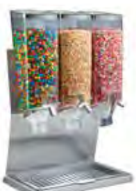
EZ-PRO™ T3 1 Gal / 3.8 L ea. 19 x 10 x 16 in 48.2 x 25.4 x 40.6 cm Item # EZ51377 Item # EZPROT3-N ▽ ☺
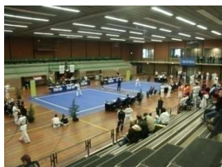
(second Day) Technical poomsae/Freestyle/ Hanmadang
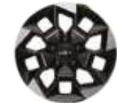
16 Inch DiamondCutting Alloy WheelBlack High Gloss
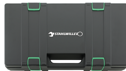
81271019 Socket set
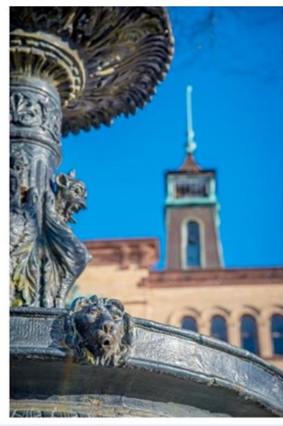
F-stop: f/6.3 Shutter: 1/2000 sec ISO: 640 Focal Length: 95mm
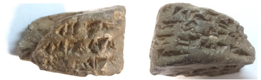
Figure 5a

The bullae of Bastam are sometimes inscribed with KIŠIB (seal) (Dara, 2017: 228, 230, 231, 239-242), personal names and toponyms indicating differen lands, regions and cities (ibid: 232-238). On some, such as as bulla no. 13320, Ba 78-146<sup>xv</sup> (Fig. 5a) and no. 51115, BA 78-423<sup>xvi</sup> (Fig. 5b) "The Small City of Rusa" is mentioned.
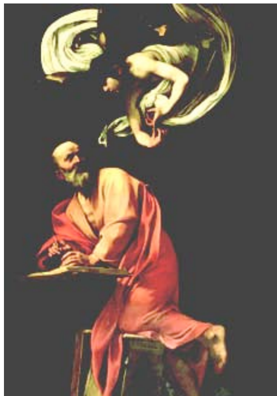
A detail of Caravaggio’s St Matthew and the Angel.

This article comes from THE TABLET 11 April, 2009
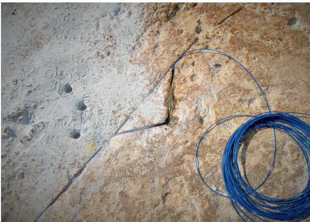
The 1338 durAnodes are connected with a titanium wire. A total of 632 m of wire was in the process.
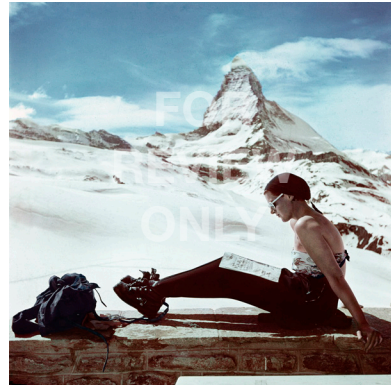
Robert Capa, [Skier sunbathing in front of the Matterhorn, Zermatt, Switzerland], 1950. © Robert Capa/International Center of Photography/Magnum Photos.
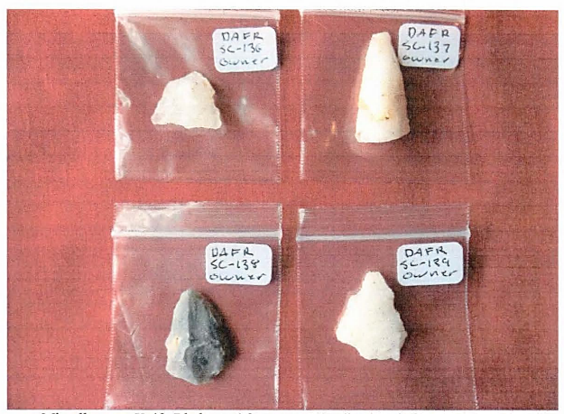
Miscellaneous Knife Blades and fragments Woodland Period 2,500 to 550 AD
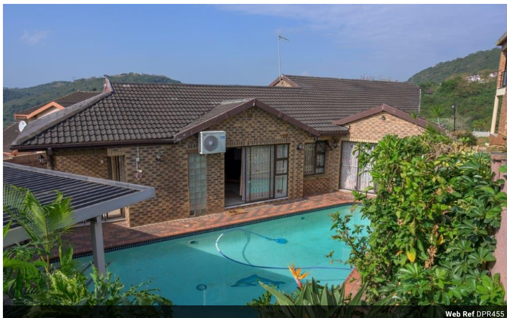
Web Ref DPR455

1 Knightbridge, 16 Westville Road, Westville
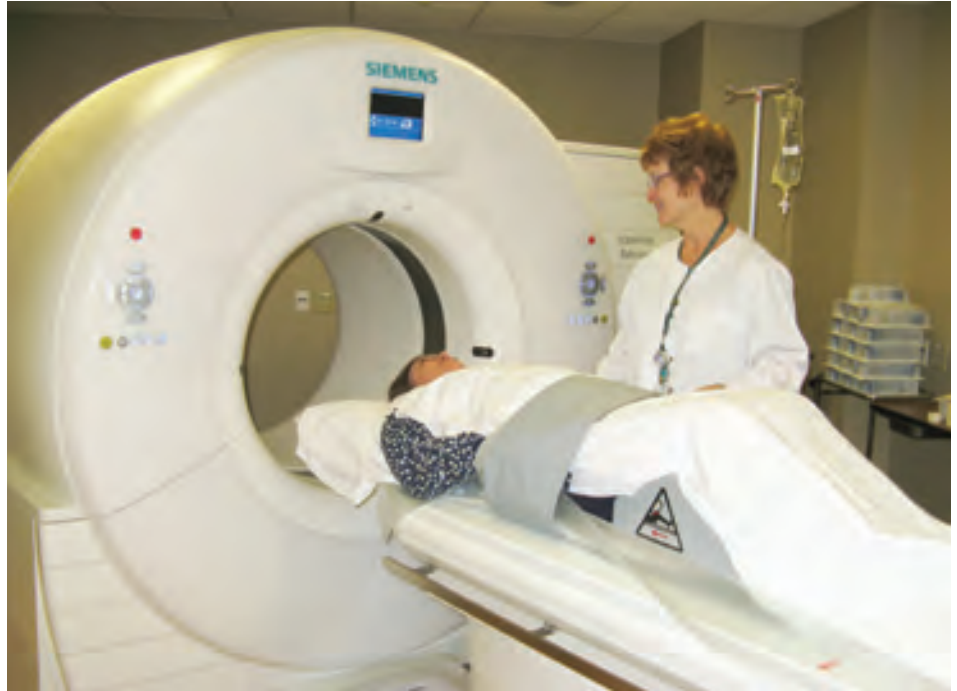
Catholic Health has invested $11.5 million in imaging technology to provide physicians with some of the most advanced diagnostic tools available.

The new MRI system features a large bore opening and short core depth that offers a more comfortable experi-
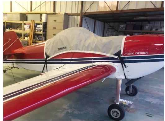
IAC One Design Travel Weight Canopy Cover
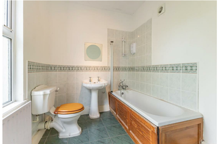
First Floor Bathroom 6'5" x 7'5"

3 piece bathroom suite which includes a bath with an overhead shower. Tiled flooring and part tiled walls.
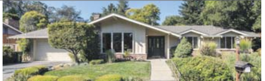
105 Devin Drive, Moraga - $1,195,000 SELLER REP
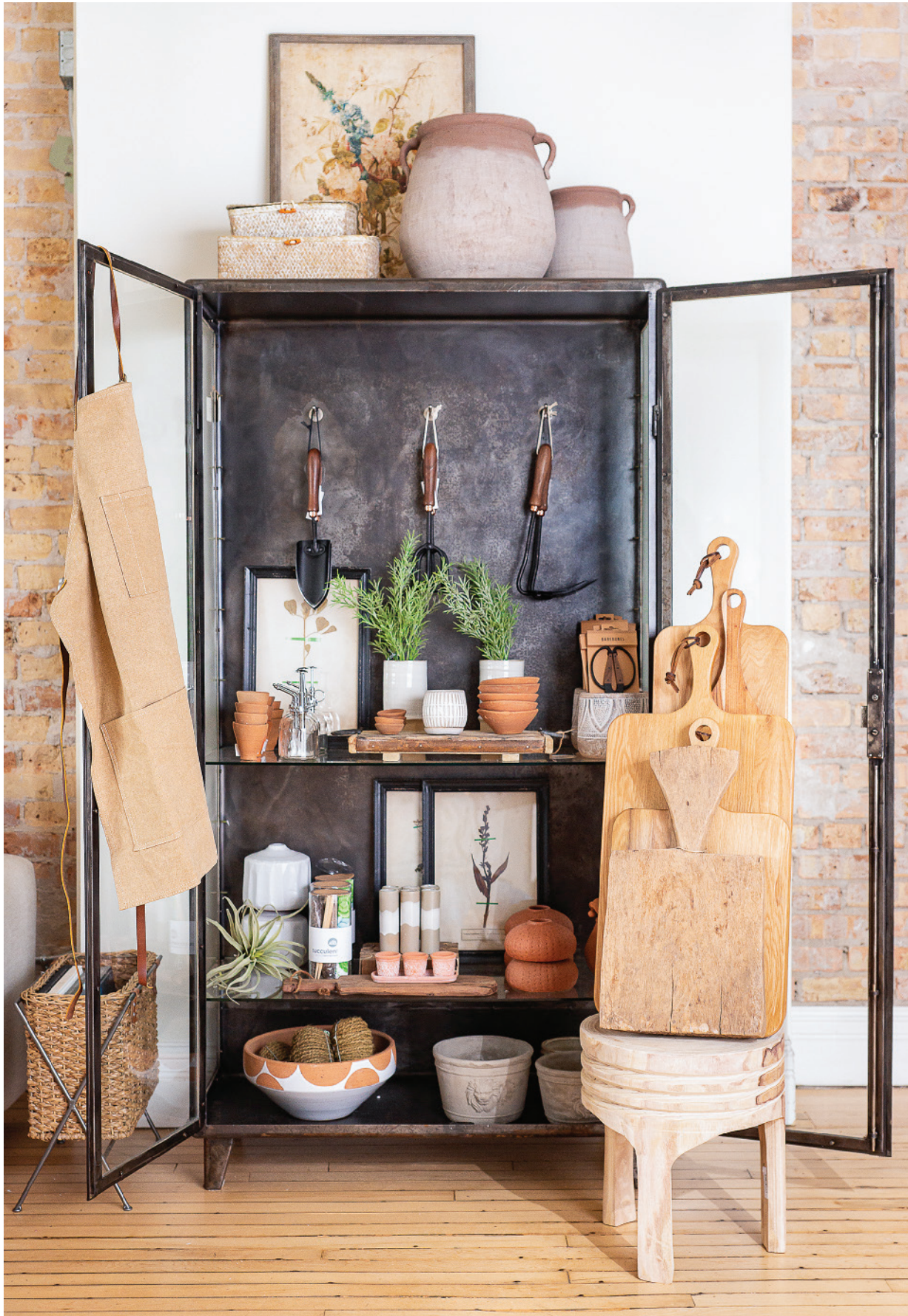
A garden shed display at Kate Marker Home. Gardeners will appreciate the assortment of garden shears and other hand-sized tools, planters, and garden-in-a-bag products.

----

Exercise requirements:
Every line above that holds the string "some" should be copied out.

Task solution:
The bullae of Bastam are sometimes inscribed with KIŠIB (seal) (Dara, 2017: 228, 230, 231, 239-242), personal names and toponyms indicating differen lands, regions and cities (ibid: 232-238). On some, such as as bulla no. 13320, Ba 78-146<sup>xv</sup> (Fig. 5a) and no. 51115, BA 78-423<sup>xvi</sup> (Fig. 5b) "The Small City of Rusa" is mentioned.
Catholic Health has invested $11.5 million in imaging technology to provide physicians with some of the most advanced diagnostic tools available.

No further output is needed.